= Problem details =
For the records below, copy exactly the span that begins at the line containing "Gasgrill, Cadac Gas-o-Grill, Ny" and stops after the line containing "ZBOŽÍ (21836) >", minus any pictures.

= Dataset records =
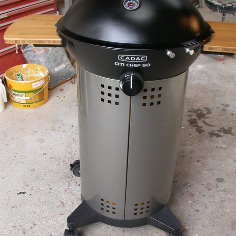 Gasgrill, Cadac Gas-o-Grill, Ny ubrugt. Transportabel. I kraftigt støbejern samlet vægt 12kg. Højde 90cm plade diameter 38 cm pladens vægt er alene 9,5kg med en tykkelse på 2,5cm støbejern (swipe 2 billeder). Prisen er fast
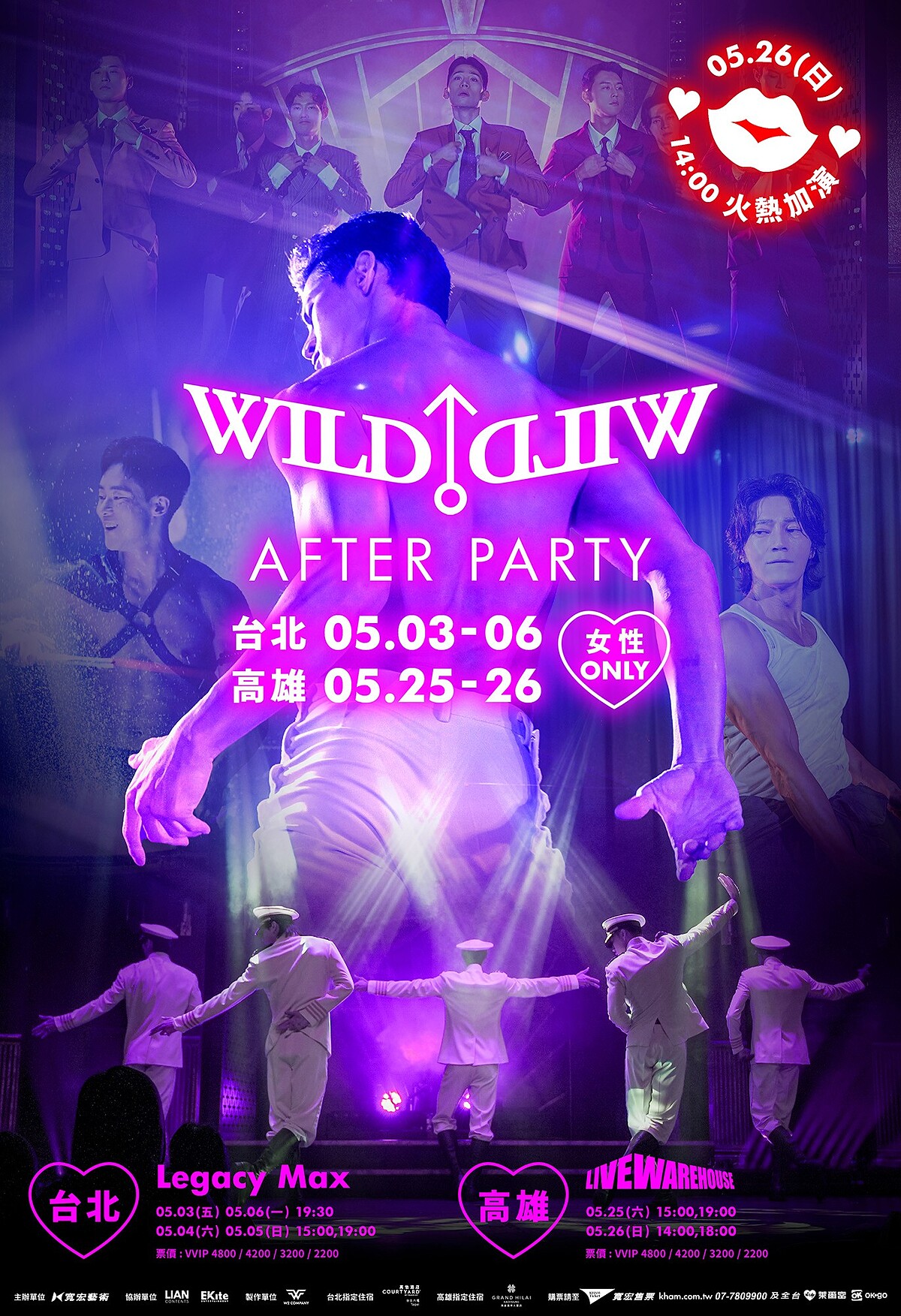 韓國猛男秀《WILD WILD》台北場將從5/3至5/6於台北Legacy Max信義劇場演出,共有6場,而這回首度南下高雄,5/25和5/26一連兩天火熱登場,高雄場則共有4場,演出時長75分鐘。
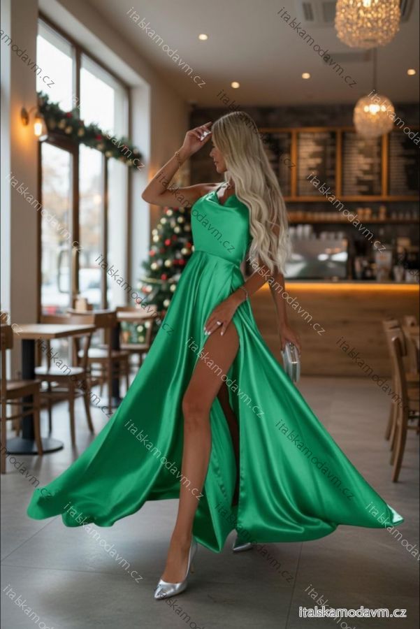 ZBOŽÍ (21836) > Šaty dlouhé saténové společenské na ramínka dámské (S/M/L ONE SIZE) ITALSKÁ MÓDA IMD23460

...

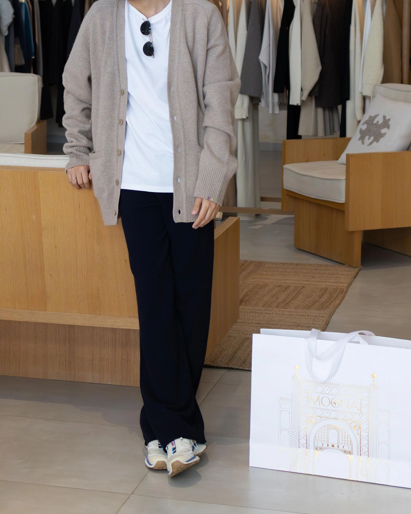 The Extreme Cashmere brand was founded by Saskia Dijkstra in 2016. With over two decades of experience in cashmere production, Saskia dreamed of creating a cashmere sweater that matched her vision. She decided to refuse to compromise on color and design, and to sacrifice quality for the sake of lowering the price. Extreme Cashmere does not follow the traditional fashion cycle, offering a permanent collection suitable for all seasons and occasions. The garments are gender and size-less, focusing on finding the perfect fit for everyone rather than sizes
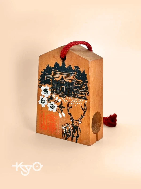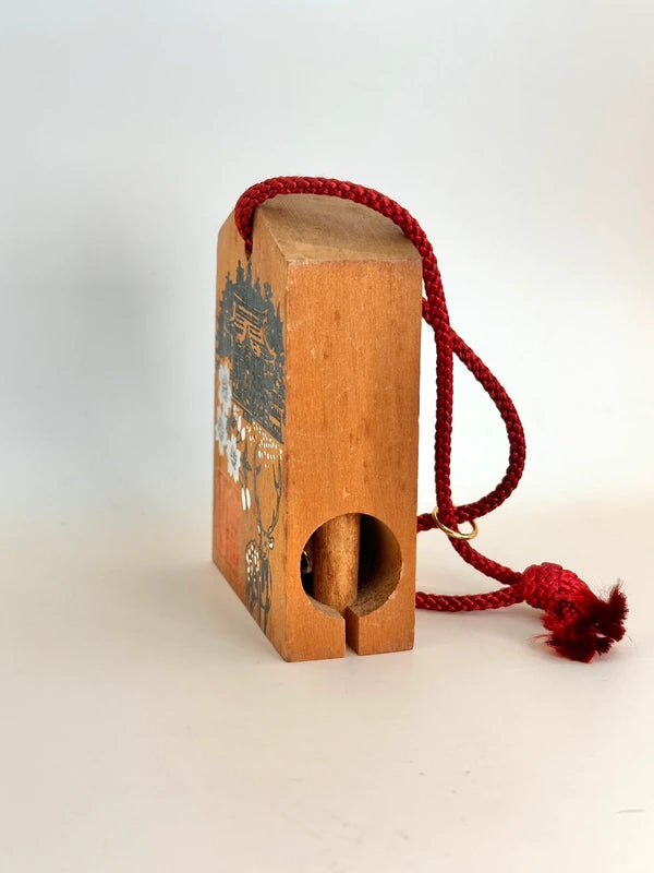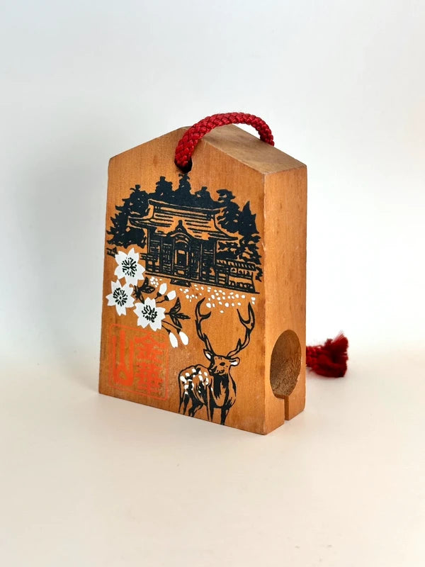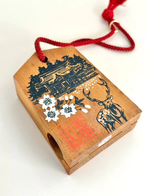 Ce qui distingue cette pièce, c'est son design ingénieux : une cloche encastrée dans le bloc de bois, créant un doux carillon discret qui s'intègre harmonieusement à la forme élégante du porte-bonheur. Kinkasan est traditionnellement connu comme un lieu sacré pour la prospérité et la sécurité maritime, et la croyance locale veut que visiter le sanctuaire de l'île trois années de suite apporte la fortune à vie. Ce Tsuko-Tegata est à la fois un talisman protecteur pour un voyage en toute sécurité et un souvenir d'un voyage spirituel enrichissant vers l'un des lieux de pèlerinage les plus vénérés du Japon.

--

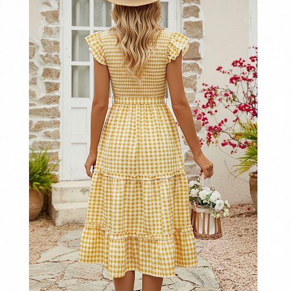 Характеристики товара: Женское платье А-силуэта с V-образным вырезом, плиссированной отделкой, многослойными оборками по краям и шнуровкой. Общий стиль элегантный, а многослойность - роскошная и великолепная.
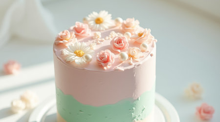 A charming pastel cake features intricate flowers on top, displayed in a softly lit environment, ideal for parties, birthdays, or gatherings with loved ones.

= Answer to the problem =
 Gasgrill, Cadac Gas-o-Grill, Ny ubrugt. Transportabel. I kraftigt støbejern samlet vægt 12kg. Højde 90cm plade diameter 38 cm pladens vægt er alene 9,5kg med en tykkelse på 2,5cm støbejern (swipe 2 billeder). Prisen er fast
 韓國猛男秀《WILD WILD》台北場將從5/3至5/6於台北Legacy Max信義劇場演出,共有6場,而這回首度南下高雄,5/25和5/26一連兩天火熱登場,高雄場則共有4場,演出時長75分鐘。
 ZBOŽÍ (21836) > Šaty dlouhé saténové společenské na ramínka dámské (S/M/L ONE SIZE) ITALSKÁ MÓDA IMD23460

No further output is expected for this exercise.